休職中の患者さんと精神科教授
みゆきクリニックへ通院されていたある患者さん
Jさんは、子どものころから父親がとても厳しく、父との関係に悩んでいました。
大学進学を機に実家を離れ、父とは距離を置いていました。
そんなJさんが就職して異動になった先に、父親にそっくりの威圧的な上司がいました。
毎日上司に怒られているうちに、会社へ行こうとすると吐き気がして、憂うつになるようになり、
みゆきクリニックへ来られました。
Jさんのような方の問題解決には、どうしたら良いでしょうか?
職場を異動してもらって、苦手な上司と離れれば良いのでしょうか?
それも、とりあえずの解決法としては必要ですね。
しかし、威圧的な上司はどこにでもいます。
その度に異動していたのでは大変です。
本質的な解決は、カウンセリングで、心の中の父親との関係を、整理しなおすことです。
Jさんは休職していましたが、会社へ行かなければ、何の症状もなく、問題もなく、
ハッピーに過ごされていましたので、薬は必要ないと判断し、薬は出さずに、カウンセリング中心の治療を始めました。
休職中のJさんに、ある時、会社の産業医の面談がありました。
会社の産業医は、ある大学の精神科の教授です。
精神科教授は、こう言ったそうです。
「みゆきクリニックから、薬が出ていない?
会社を休んでいる患者に薬を出さないなんて、とんでもない医者だ。
そういう医者は信用できない、病院を変わりなさい。
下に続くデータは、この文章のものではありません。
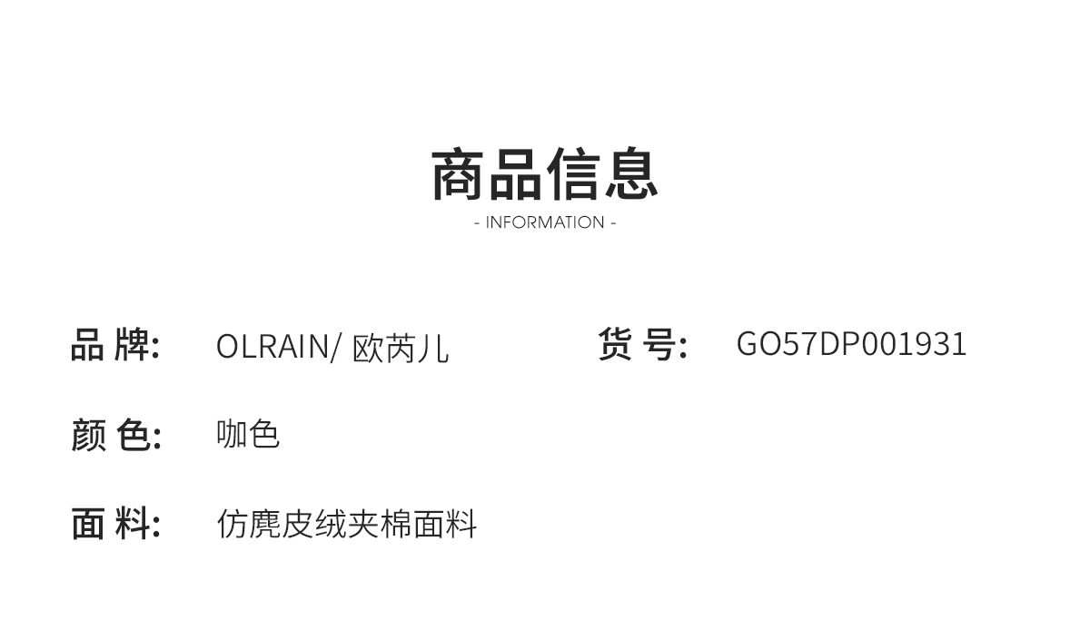 - “精致”是欧芮儿olrain品牌文化的核心,欧芮儿认为,精致的女人,不但要外在动人,更要内在迷人,内外兼修,有魅力、有气质、有内涵,自信而不自傲,优雅而不矫揉,自有万种风情而不轻浮,更不故作矜持。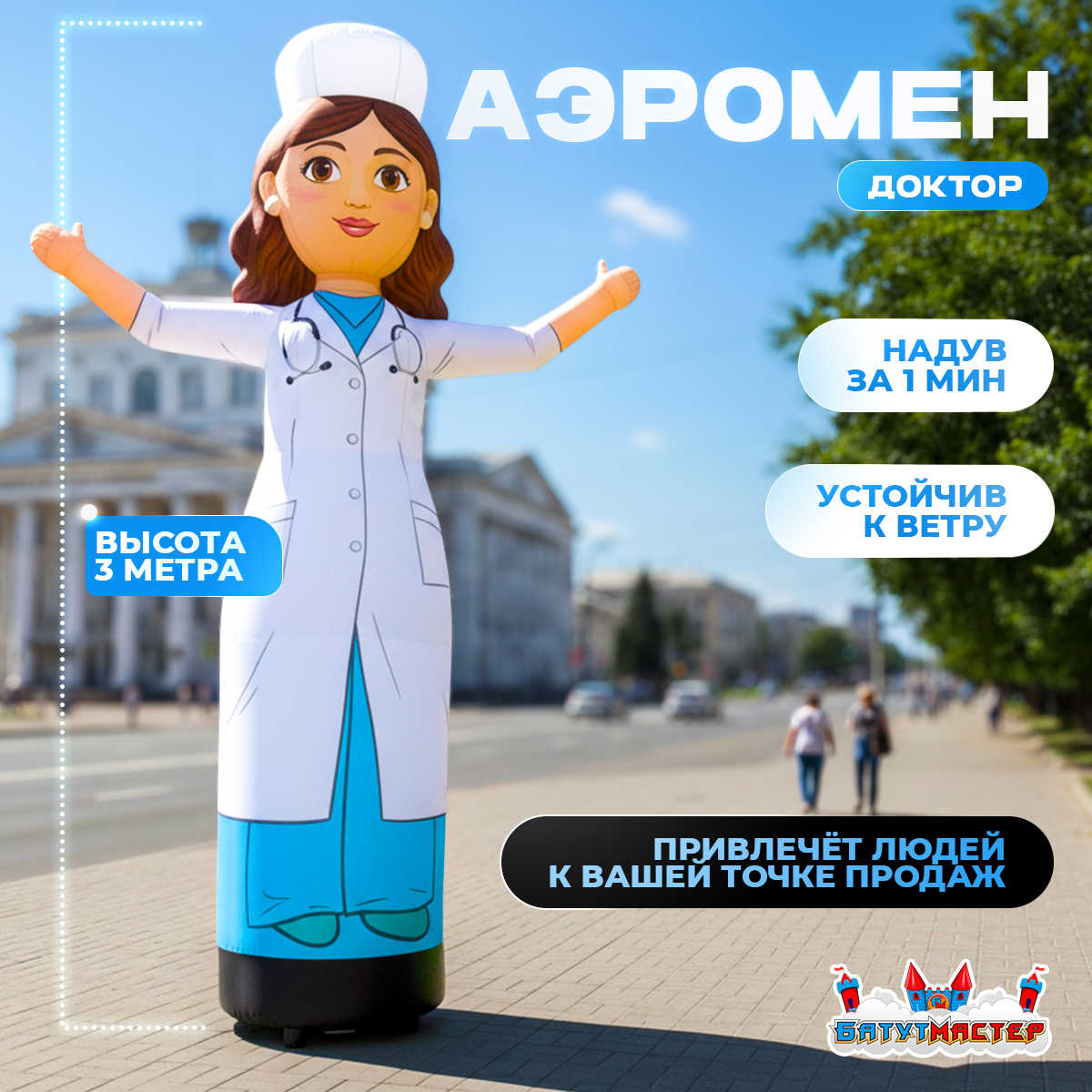 Аэромен «Доктор» — это не просто реклама, а тёплое приветствие каждому прохожему. Он создаёт доверие, привлекает клиентов и вызывает улыбку.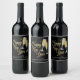 This wine bottle label features a graphic of two glasses of sparkling wine, colourful confetti and the script text that reads: Happy New Year. Custom text at the bottom allows you to personalize with your name.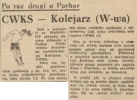 Mecz ten będzie powtórzeniem spotkania z dn. 13.5. br., które mimo półgodzinnego przedłużenia dało wynik 2:2. Po tym meczu obi kluby rozegrały spotkanie o mistrzostwo Ligi, które przyniosło zwycięstwo CWKS 1:0. Oba te wyniki świadczą o równości sił; wynik spotkań tych dwóch klubów zależy więc od chwilowej dyspozycji zawodników. Ponieważ w ostatnich zawodach o mistrzostwo Ligi Kolejarz miał lepsze wyniki, głównie dzięki poprawie gry napadu (Łącz i Popiołek), w meczu czwartkowym jest uważany za faworyta.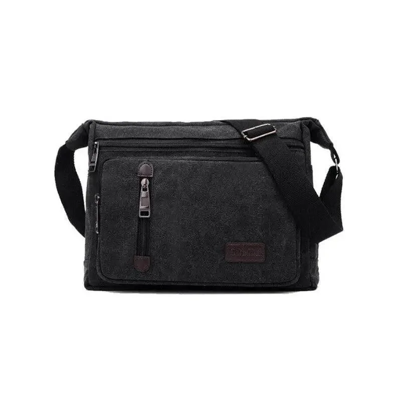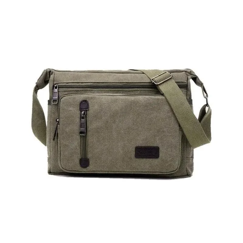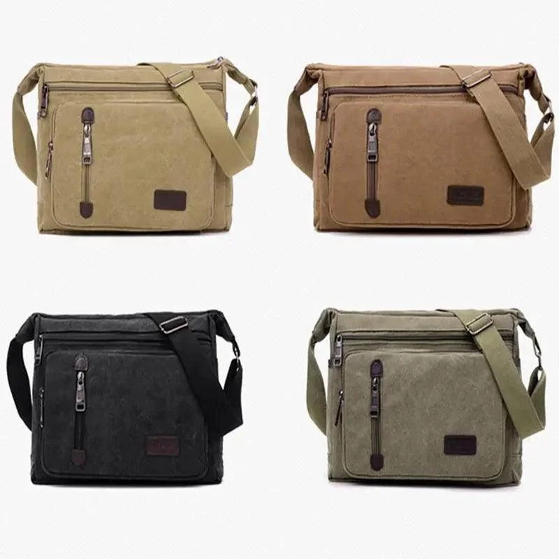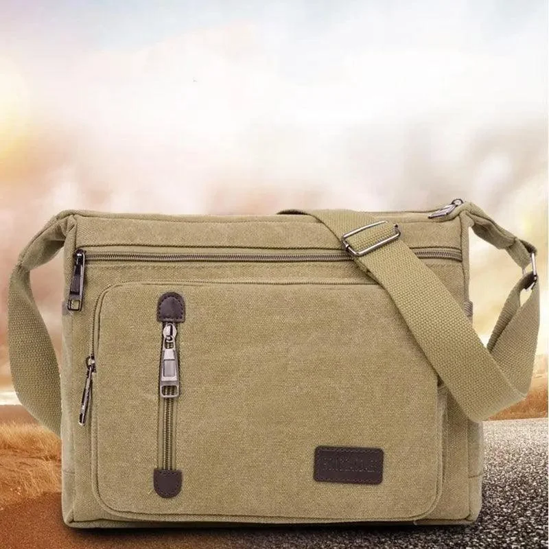 Vintage men’s canvas messenger bag with spacious main compartment and multiple zippers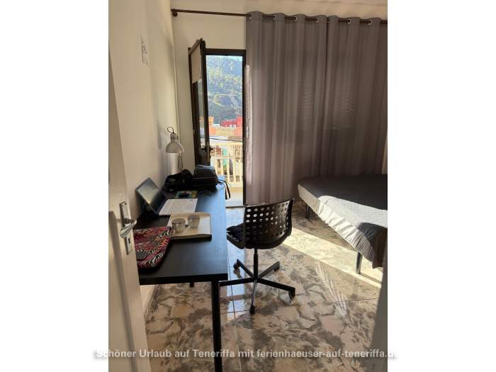 - Ein Schlafzimmer mit einem Doppelbett (1,50 × 2 m) und einem Schreibtisch – ideal für Urlaub, bei dem auch Arbeit erledigt werden kann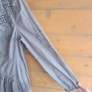 Rebecca Taylor La Vie Poplin Olive Embroidered Dress Large Long Sleeve Boho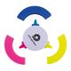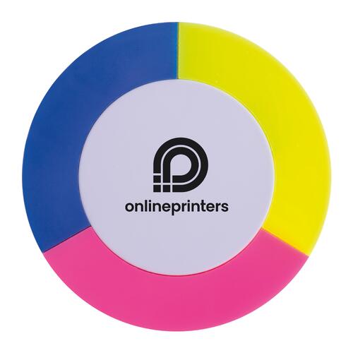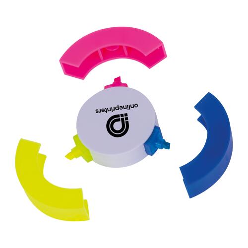 - The 3-in-1 highlighter features a pink, yellow, and blue marker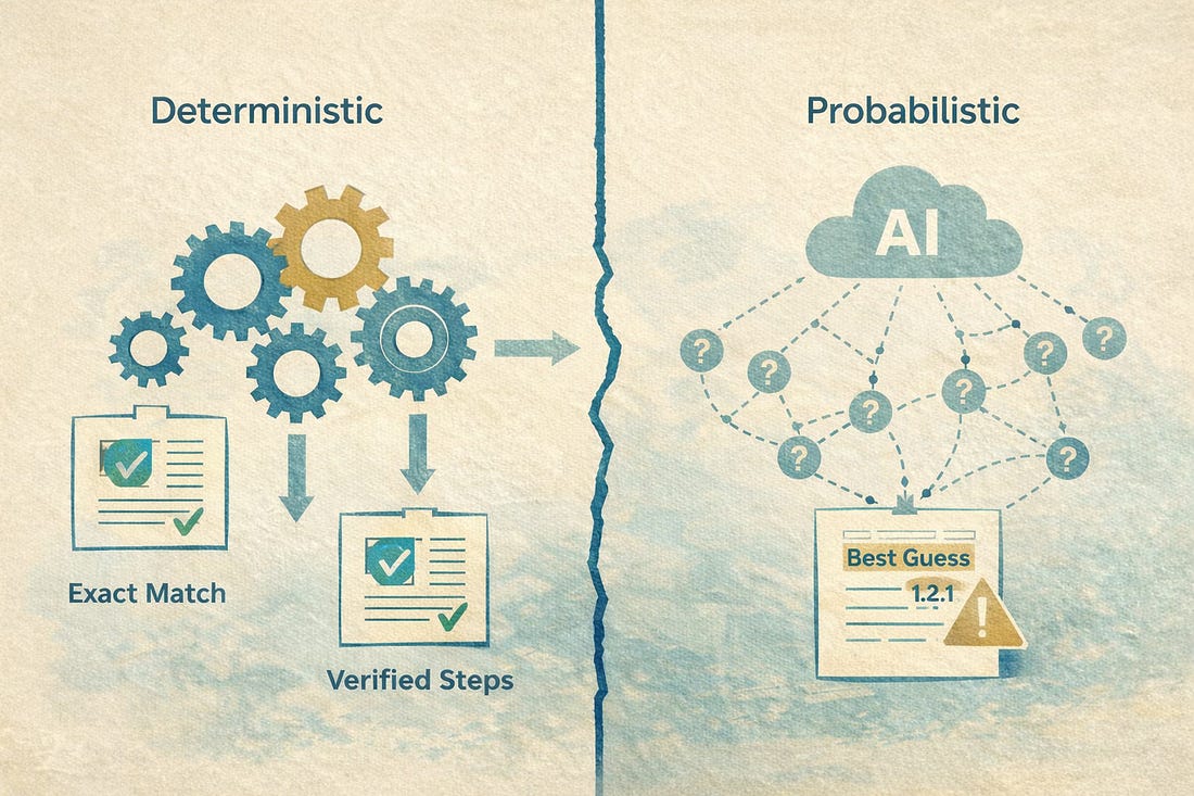 Probabilistic vs. Deterministic: Why Tech Writers Need To Understand The Difference NowKnowing the difference between a system that follows rules and a system that places bets is paramount to success in an AI-powered worldArtificial intelligence (AI) has introduced a new kind of workplace confusion, and not the fun kind where someone brings in an unfamiliar brand of sparkling water and everyone pretends to love it. No, this is the more consequential variety. The kind where people use words like probabilistic and deterministic as if everyone in the room was born knowing what they mean. Most people weren’t. That matters, because if you work in tech comm, those two words now describe a fault line running straight through our profession. If we don’t understand the difference, we risk misunderstanding what AI is good at, what it is bad at, and why it sometimes produces polished nonsense with the confidence of a middle manager explaining a spreadsheet he did not build. Two Words That Explain A LotLet’s start simply. 👉🏾 A deterministic system produces the same output every time, assuming the same input and conditions. You press the button, and it behaves as expected. Again. And again. And again. Deterministic systems are governed by fixed rules. Traditional software functions often work this way. If a user enters a valid password, the system grants access. If they do not, it refuses. No soul-searching. No improvisation. No jazz hands. 👐 👉🏾 A probabilistic system works differently. It produces results based on likelihood, not certainty. It makes predictions about what output is most likely to fit the input. Large language models do this constantly. They do not “know” the next word in the way a database knows a customer ID. They generate language by calculating which sequence of words is most probable based on patterns learned from training data. That means a probabilistic system can produce different (think “inconsistent”) outputs from the same prompt. It can sound sure while being wrong. It can be useful, impressive, and fast. It can also make things up that are untrue. And there, at last, is the neighborhood where we tech writers now live. Why This Distinction Matters In An AI-powered WorldFor years, tech writers have worked in environments that leaned heavily deterministic.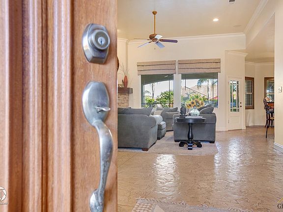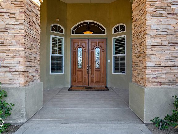 This home is built to entertain!! This single story, split wing Silver Oak Ranch home has custom features galore! The large double doors lead to an open concept living space w/beautiful custom stamped concrete flooring & extremely generous ceilings. The formal sitting or dining & the great room stretches out to meet a lg open kitchen w/breakfast bar + dining area. The kitchen features stainless appliances including beverage fridge, granite counters & plenty of space. The en-suite is very good sized & has windows that look out onto the pool & patio; there are sep closets as well as sep sink spaces & sep tub & walk in shower. The exterior has lg L-shaped patios that connect the main house to the detached bonus room w/wet bar & lots of room! Built in outdoor grill, 4 car garage and RV parking, 500 gallon above ground spa, and OWNED SOLAR! Bring your picky buyers! This one is a gem!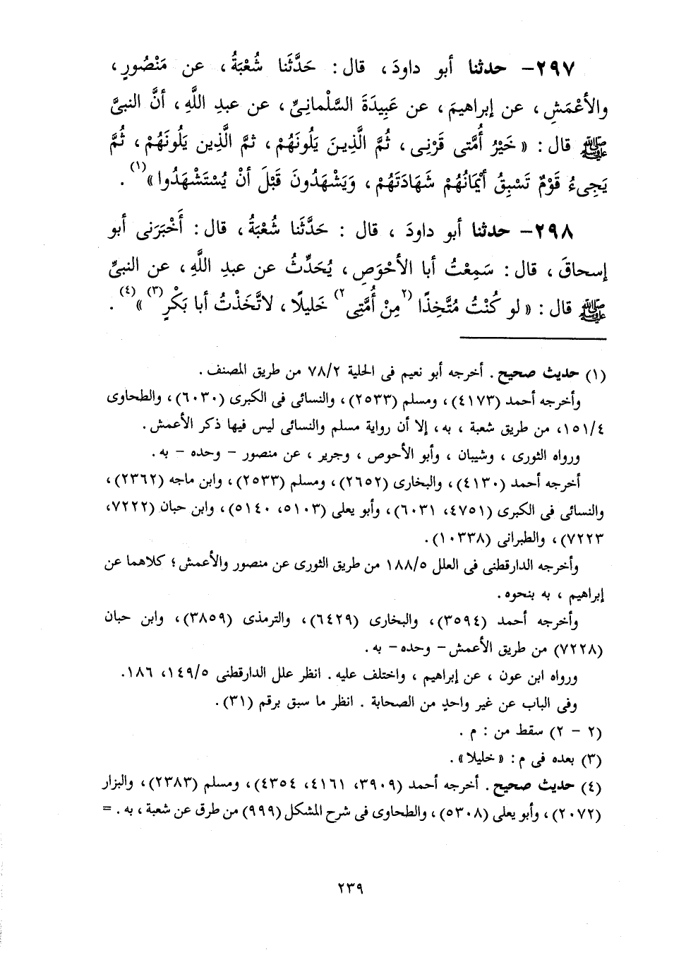 298 - حَدَّثَنَا أَبُو دَاوُدَ قَالَ: حَدَّثَنَا شُعْبَةُ، قَالَ: أَخْبَرَنِي أَبُو إِسْحَاقَ، قَالَ: سَمِعْتُ أَبَا الْأَحْوَصِ، يُحَدِّثُ عَنْ عَبْدِ اللَّهِ، عَنِ النَّبِيِّ صَلَّى اللهُ عَلَيْهِ وَسَلَّمَ قَالَ: «§لَوْ كُنْتُ مُتَّخِذًا مِنْ أُمَّتِي خَلِيلًا لَاتَّخَذْتُ أَبَا بَكْرٍ»

私の知り合いの診療所を紹介するから」
会社を休職している=薬の治療 と、その教授は短絡的に考えているようです。
Jさんのような人に薬が必要ではないことも、
この場合に薬はかえって有害であることも、少し考えれば分かることだと思うのですが、
休職中の人の治療=薬
と硬直的に考えている医師は、残念ながら非常に多いのです。
しかしそれが医科大学の教授となると、そのような教授に指導を受ける若い医師や医学生は、
果たしてどうなるのでしょう・・・?
日本のメンタルヘルスの未来が心配です。